2022-07-05 18645, 2022

16:41 PM
soundandvision

oh hey that tag worked!

2022-07-05 18647, 2022

16:41 PM
alastairp

soundandvision: sure, this can be a bit complex

2022-07-05 18653, 2022

16:41 PM
alastairp

yes, I got the notification!

2022-07-05 18615, 2022

16:42 PM
alastairp

I wouldn't be surprised if kiwiirc has a limit to the number of connections to libera it can make, it could be related to this

2022-07-05 18645, 2022

16:42 PM
alastairp

Pratha-Fish: I think that we should try and load track table and track_gid_redirect, then load a single file and do isin to check the recording column against these two tables

2022-07-05 18659, 2022

16:42 PM
soundandvision

ok cool :)

2022-07-05 18604, 2022

16:43 PM
alastairp

if we get that working for 1 file, we can put it in a loop and leave it running for the next 8-10h

2022-07-05 18611, 2022

16:44 PM
Pratha-Fish

alastairp: exciting

2022-07-05 18629, 2022

16:44 PM
Pratha-Fish

I'll make sure to do some extensive testing this time around too

2022-07-05 18623, 2022

16:45 PM
alastairp

Pratha-Fish: btw, I see in your method `get_null_stats` you say "Number of NOT-null rows in ...", I guess this should be Percentage?

2022-07-05 18655, 2022

16:45 PM
Pratha-Fish

Is it in the MLHD.ipynb file?

2022-07-05 18611, 2022

16:46 PM
alastairp

yes

2022-07-05 18616, 2022

16:46 PM
Pratha-Fish

checkign

2022-07-05 18647, 2022

16:46 PM
Pratha-Fish

P.S. sorry if my mesasges are delivered late.
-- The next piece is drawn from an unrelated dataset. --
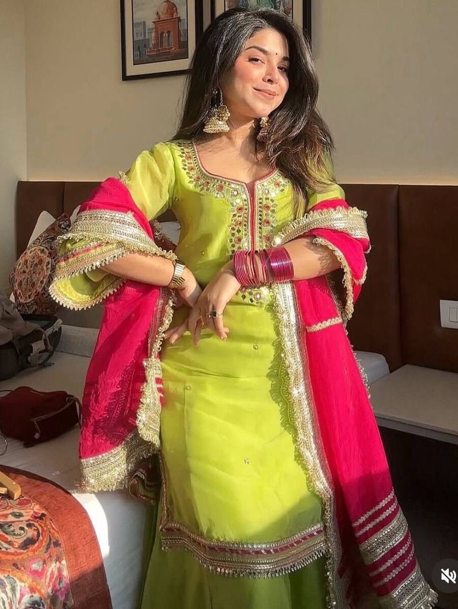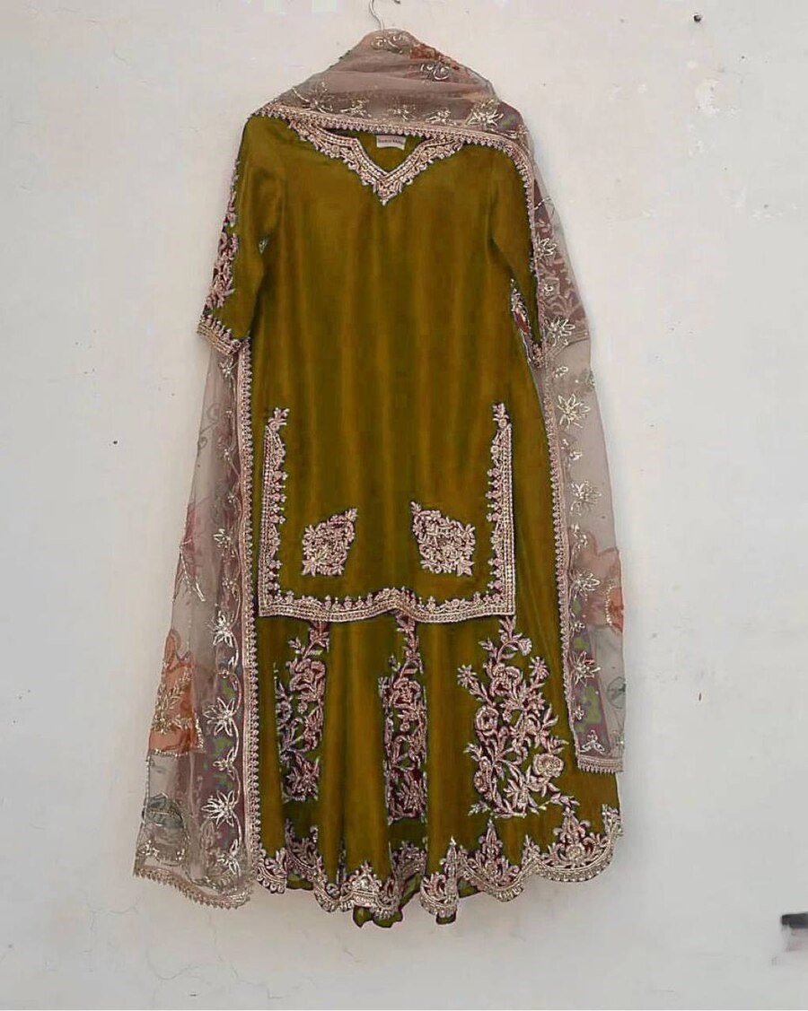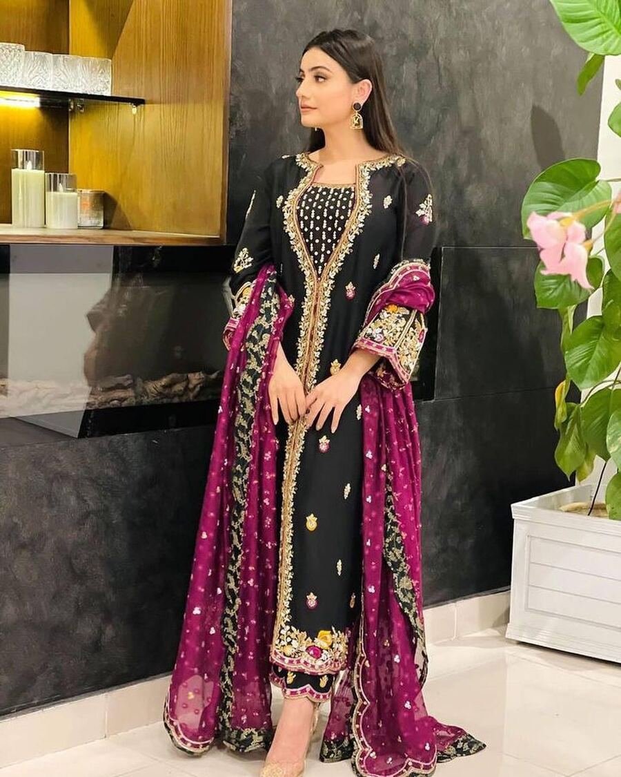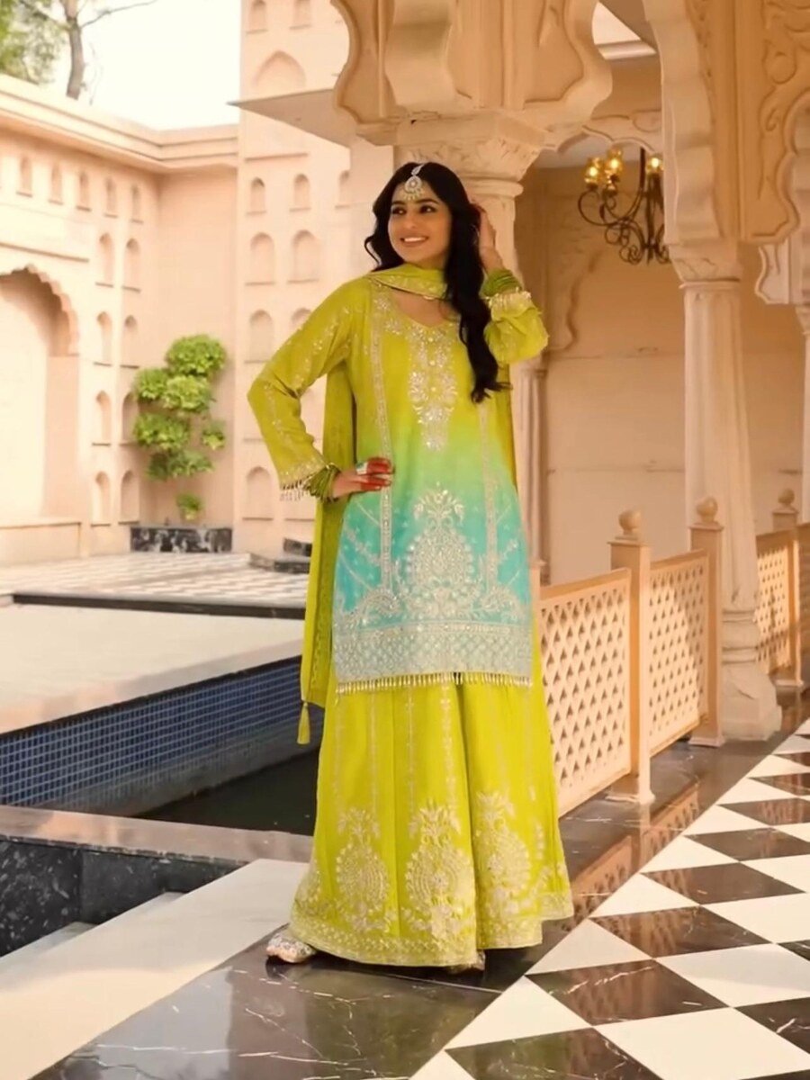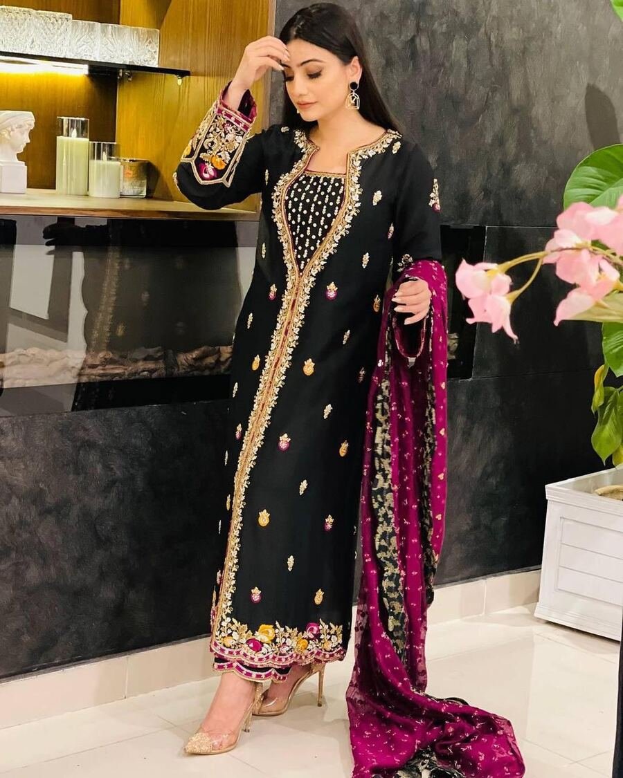 TOP FABRIC :- PURE CHINON SILK WITH MULTI THREAD EMBROIDERY SEQUENCE WORK WITH FULL SLEEVE TOP INNER :- HEAVY MICRO COTTON TOP LENGTH :- 40-41 INCH TOP SIZE : FREE SIZE XL(42) WITH XXL(44) MARGIN (FULLY ...

I ran out of mobile data so the latency has shot up a lot

2022-07-05 18602, 2022

16:47 PM
alastairp

no prob. it looks fine from here

2022-07-05 18608, 2022

16:50 PM
Pratha-Fish

also, yes the get_null_stats function returns output in %

2022-07-05 18649, 2022

16:52 PM
alastairp

Pratha-Fish: check something like this: https://gist.github.com/alastair/0dcf5a3b670f83f6…

2022-07-05 18602, 2022

16:53 PM
alastairp

the time_stats() function is what I linked to you the other day

2022-07-05 18641, 2022

16:54 PM
Pratha-Fish

Wow that os.walk function is something new

2022-07-05 18648, 2022

16:54 PM
alastairp

:)

2022-07-05 18640, 2022

16:55 PM
Pratha-Fish

I'll try out something with this code ig

2022-07-05 18654, 2022

16:55 PM
Pratha-Fish

Also, what exactly does the time.monotonic function do?